Shaidu (شيدو) is a town in the Nowshera District of the Khyber Pakhtunkhwa, Pakistan. The population is approximately 75,000. Shaidu lies on the alluvial silt of the Indus river. It is a centre of the surrounding agricultural lands. Shaidu lies on the Grand Trunk Road at a strategic point. It has fallen to various ruling forces through recorded history. Shaidu is the village of Khattak tribe, and it lies on Grand Trunk Highway N-5 from Jehangira to Adamzai Village and Chashmai to Mian Essa.

Location

Shaidu township is located in the northern part of Pakistan. It lies approximately 100 km northwest of the capital Islamabad. The nearest town, Nowshera lies approximately 24 km to the west. Further away, approximately 50 km to the west is Peshawar city. Beyond Peshawar is the border with Afghanistan. To the north is the city of Mardan. To the east is the Indus river and to the south are the Khattak mountains. Shaidu lies near the south bank of the River Kabul (لندي سيند) before it joins the Indus. The PeshawarRawalpindi Road (N5), once the Grand Trunk Road and the railway pass through Shaidu.

History

Harappan civilization

Shaidu lies within the Indus valley where men have lived since 3000 BCE. Shaidu lies approximately 500 km northwest of the archeological site at Harappa, where finds indicate a flourishing Indus valley civilization lasting from 2600 BCE to 1900 BCE. Theories as to the end of the Harappan civilisation include drought, invasion, epidemic illness and comet impact. After the decline of the Harappan civilisation, communities became smaller and more rural. However, the area of the Khyber Pakhtunkhwa became a centre for trade, culture, language and a route for eastward migration especially of the Indo-Aryan peoples.

Alexander the Great
In the autumn of 327 BCE, the forces of Alexander the Great (356 BCE  323 BCE) reached Pushkalavati (near Charsadda), approximately 60 km northwest of Shaidu. After the death of Alexander, the area about Shaidu came under the influence of several kingdoms including the Maurya Empire (322 BCE  180 BCE), and the Greco-Bactrian Kingdom (256 BCE  125 BCE).

Introduction of Buddhism
The Buddhist based Kushan Empire (30 CE  375 CE) made Purushapura (now Peshawar) one of their capitals.

Introduction of Hinduism
As the Kushan empire fractured and declined, the Indus Valley became a suzerainty of the Gupta Empire (319 CE  605 CE) which brought Hinduism and relative peace to the valley. This peace in the northern Indus Valley, including Shaidu, was broken by an invasion of White Huns who were repelled in 455 CE. One of the feudal dynasties of the Peshawar district of the 6th century and on were the Shahiya.

Introduction of Islam

In 1001 CE, the Shahiya ruler, Jaipala, was defeated at the Battle of Peshawar by Mahmud of Ghazni (971  1030 CE). Mahmud of Ghanzi, a member of the Ghaznavid dynasty, brought Islam to the region.
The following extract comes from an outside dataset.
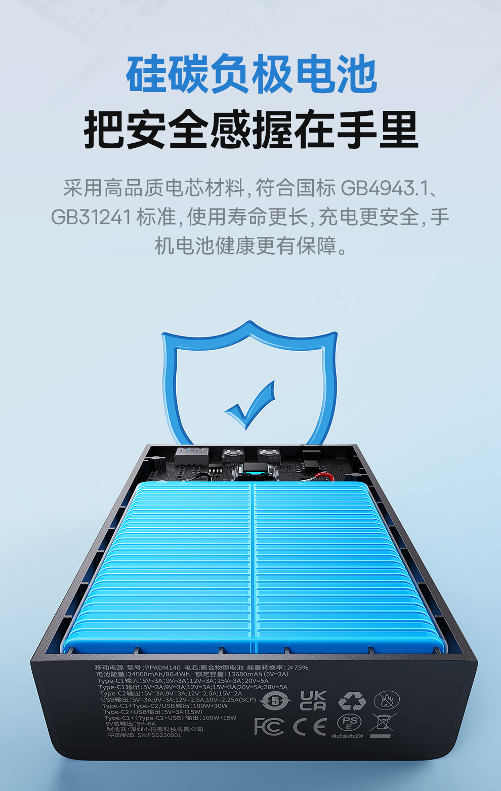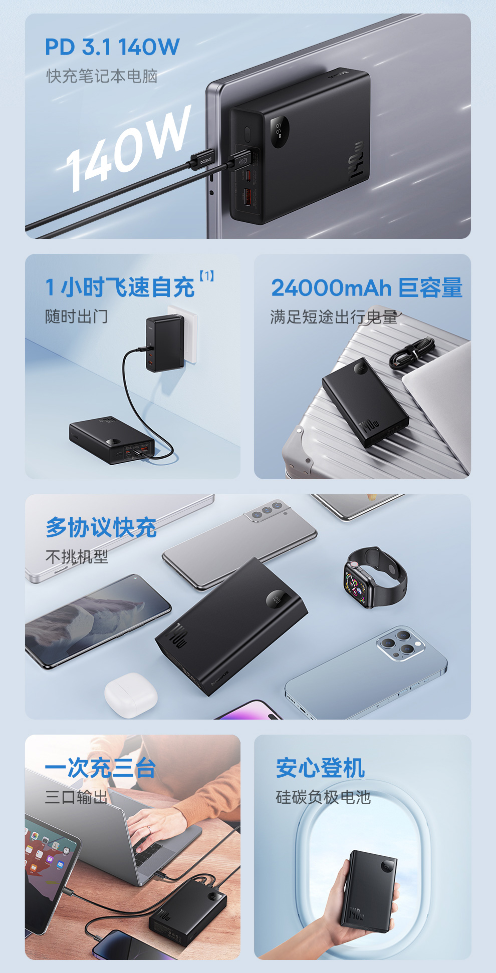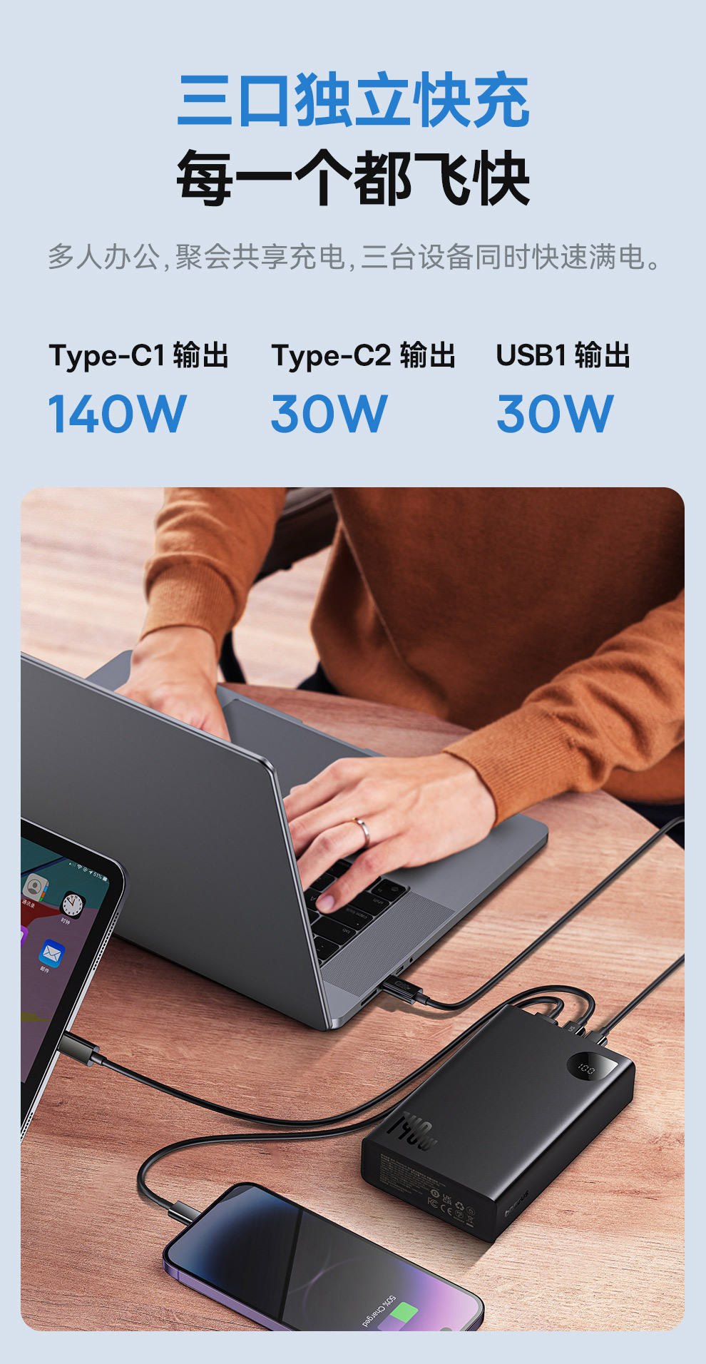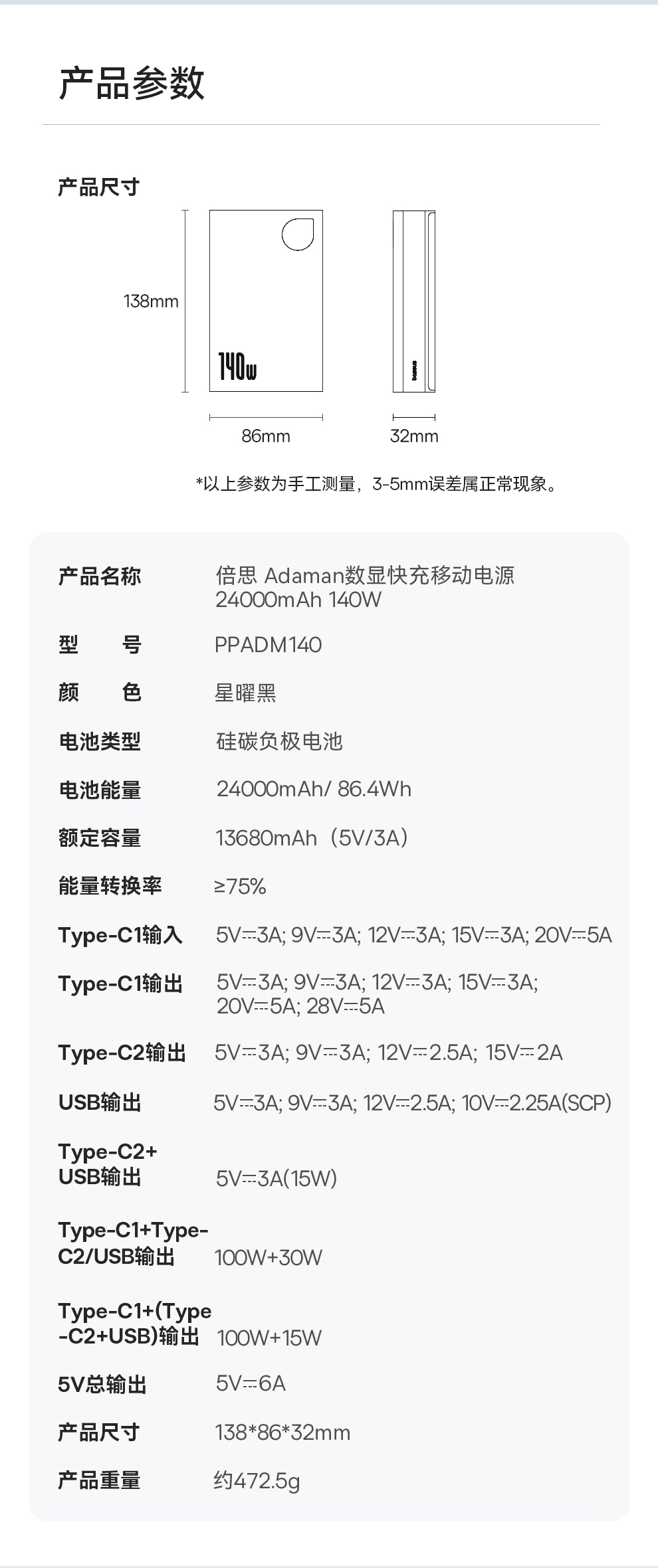 倍思 Adaman 数显快充移动电源 24000mAh 140W

A succession of Islamic leaders held the Indus Valley from the 1st to 8th centuries CE. Between 1173 and 1186, Muhammad of Ghor invaded and took power in Peshawar and Lahore. The population was forced to convert to Islam. His rule lasted till his assassination in 1206. Following rulers included the Lodi (1451  1526) and the Mughal (1526  1857). In the 17th century, local traditional tribesmen, such as the khattaks, rebelled against the foreign ruling forces.

Battle of Shaidu
In the early 18th century, as the Mughal Empire declined, a new empire, the Durrani Empire was formed in the Indus valley from a union of territories. However, in the late 18th century and early 19th century, a number of battles between the Durranis and Afghan Pashtun tribes ensued. In 1815, Sikhs under Ranjit Singh (1780  1839) took Peshawar and its surrounds.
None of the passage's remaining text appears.